Provided data:
**********
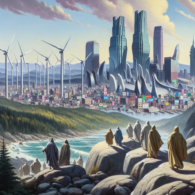 Prompt: [An image that looks like it is a scene from 'Star Wars'] Depicting this scene: In the foreground, a vast rocky New Hampshire landscape is featured, with a group of ushers fading away into the distance, their robes billowing in the wind. Meanwhile, in the background, the cityscape of Macau is visible, where futuristic, sleek energy facilities are replacing the use of fossil fuels. The juxtaposition symbolizes the ushering out of old traditions and the ushering in of a greener, innovative era. The depiction should include only scenes, people, and objects, it should not include text or speech bubbles.
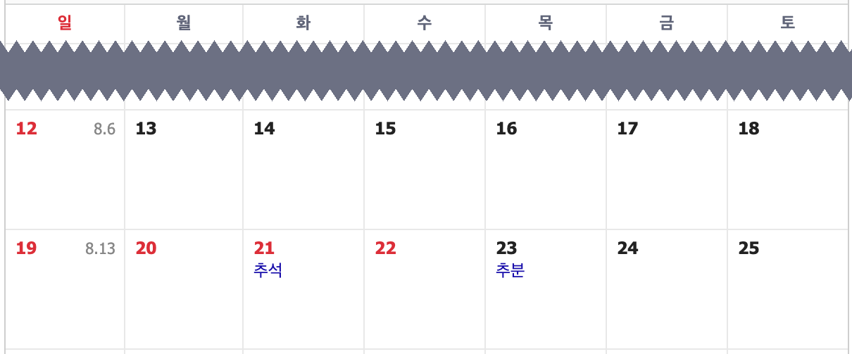 | 9월 | 20, 21, 22일(월 ~ 수) | 추석(9월 21일) |
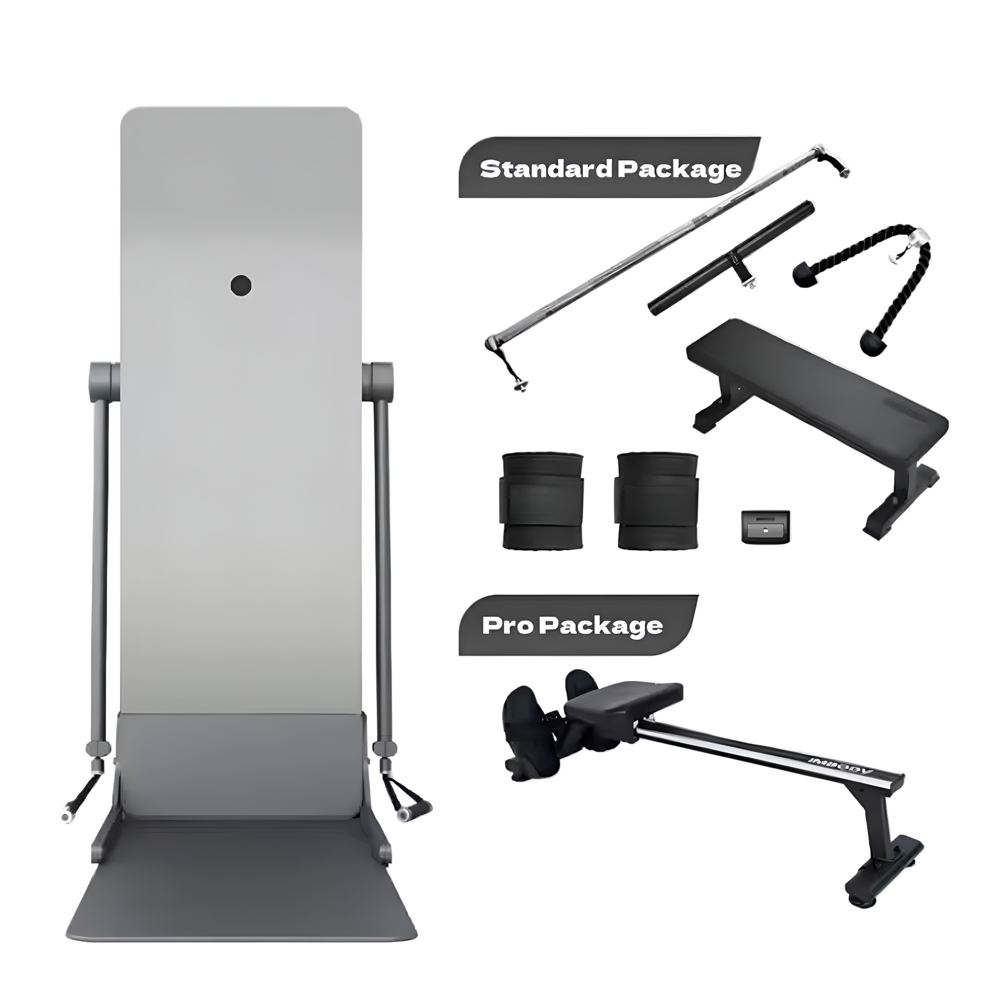 Standard Package: Straight bar, short bar, tricep rope, flat bench, ankle cuffs, wireless remote
**********
Required action: When the listing is transcribed, every line must match the original exactly, and the pictures must be left out.

Solution for this task:
 Prompt: [An image that looks like it is a scene from 'Star Wars'] Depicting this scene: In the foreground, a vast rocky New Hampshire landscape is featured, with a group of ushers fading away into the distance, their robes billowing in the wind. Meanwhile, in the background, the cityscape of Macau is visible, where futuristic, sleek energy facilities are replacing the use of fossil fuels. The juxtaposition symbolizes the ushering out of old traditions and the ushering in of a greener, innovative era. The depiction should include only scenes, people, and objects, it should not include text or speech bubbles.
 | 9월 | 20, 21, 22일(월 ~ 수) | 추석(9월 21일) |
 Standard Package: Straight bar, short bar, tricep rope, flat bench, ankle cuffs, wireless remote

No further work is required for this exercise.